Gli scricchiolii del sistema crescono di numero e intensità, ma non per questo la speculazione rinuncia a fare il suo gioco. Il che, come vedremo, aumenta gli scricchiolii. Ma questa è la natura del capitale: sfruttare le occasioni dal punto di vista individuale, senza alcuna preoccupazione per la tenuta dell’insieme.
Dal punto di vista bassamente “nazionale” aumentano le preoccupazioni per la possibile offensiva al ribasso sui titoli del debito pubblico italiano. L’occasione sarebbe data dall’imminente fine del governo Draghi, considerato dai “mercati” una garanzia.
Tralasciamo qui le considerazioni già fatte più volte – il PNRR, o Recovery Fund, blocca fino al 2026 ogni velleità programmatica che vada fuori da quel solco, pena disastri finanziari inenarrabili (stando alla propaganda di regime, ovvio...) – e cerchiamo di capire quanto sta accadendo.

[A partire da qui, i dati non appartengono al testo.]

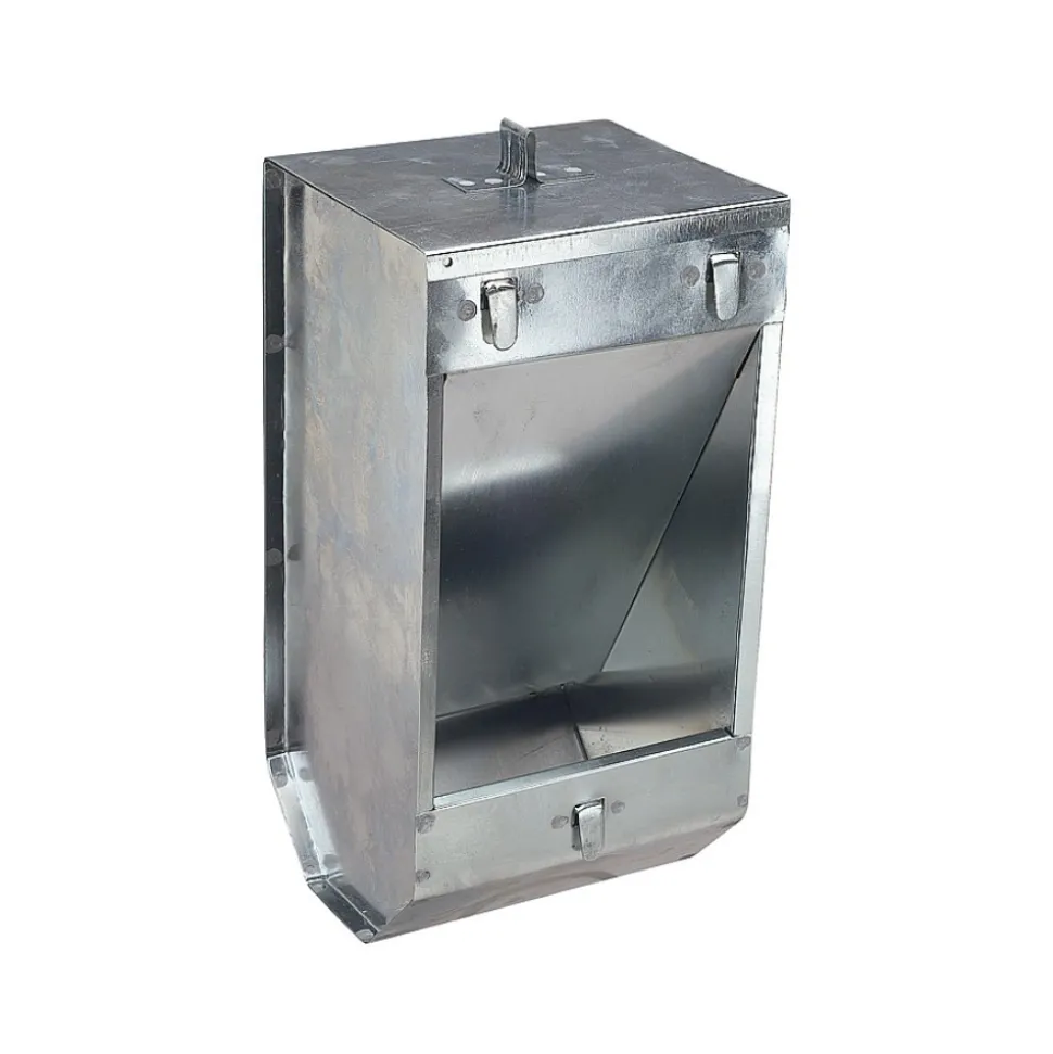 Mangeoire à 1 compartiment, de grande taille, pour lapin ou lapin nain. Cette mangeoire s’installe à l’extérieur d’un clapier ou d’une cage à l’aide de ses fixations. Cette mangeoire, ou trémie, est en métal galvanisé, elle est donc très résistante. Elle est équipée d’un couvercle qui permet de garder la nourriture propre et sèche et de garantir un remplissage facile. Cette mangeoire pour lapin est idéale pour un à 2 lapins ! Caractéristiques de la mangeoire pour lapin à 1 compartiments : Dimensions : hauteur 23 cm, profondeur 11 cm. largeur 13 cm. Nombre de compartiments : 1 Matériel : métal

Diversi hedge fund (fondi altamente speculativi) avrebbero in questi giorni rastrellato circa 39 miliardi in titoli di stato italiano “in prestito”, il che preparerebbe una massiccia scommessa al ribasso sul valore di quei titoli.
Tecnicamente è lo strumento delle “vendite allo scoperto”. Ci si fa prestare dei titoli o delle azioni che non si possiedono e le si rivende in grandi quantitativi provocando una caduta piuttosto violenta del prezzo. Raggiunto l’obiettivo, le si restituisce ai proprietari e si incassa la differenza tra quello che le si sarebbe dovuto pagare e il prezzo raggiunto effettivamente sul mercato.
In pratica: prendo in prestito un pacchetto di titoli che ha come prezzo 100, lo rivendo in più tranche a 99, 98, ecc. fino a 85-90, e poi lo restituisco. Tutto quello che ho venduto ad un prezzo superiore mi resta in tasca. Il vero proprietario ha sì, un titolo svalutato, ma può contare su una sicura risalita dei valori a fine speculazione.
L’unico che paga è lo Stato che ha emesso il titolo, costretto a erogare cedole o rendimenti superiori al preventivato. E questo aumenta il debito pubblico di quello Stato (l’Italia, nel caso in questione), ovvero l’unica cosa che abbiamo effettivamente “in comune” come popolazione, costringendolo a politiche di “austerità” per non aggravare il rischio finanziario.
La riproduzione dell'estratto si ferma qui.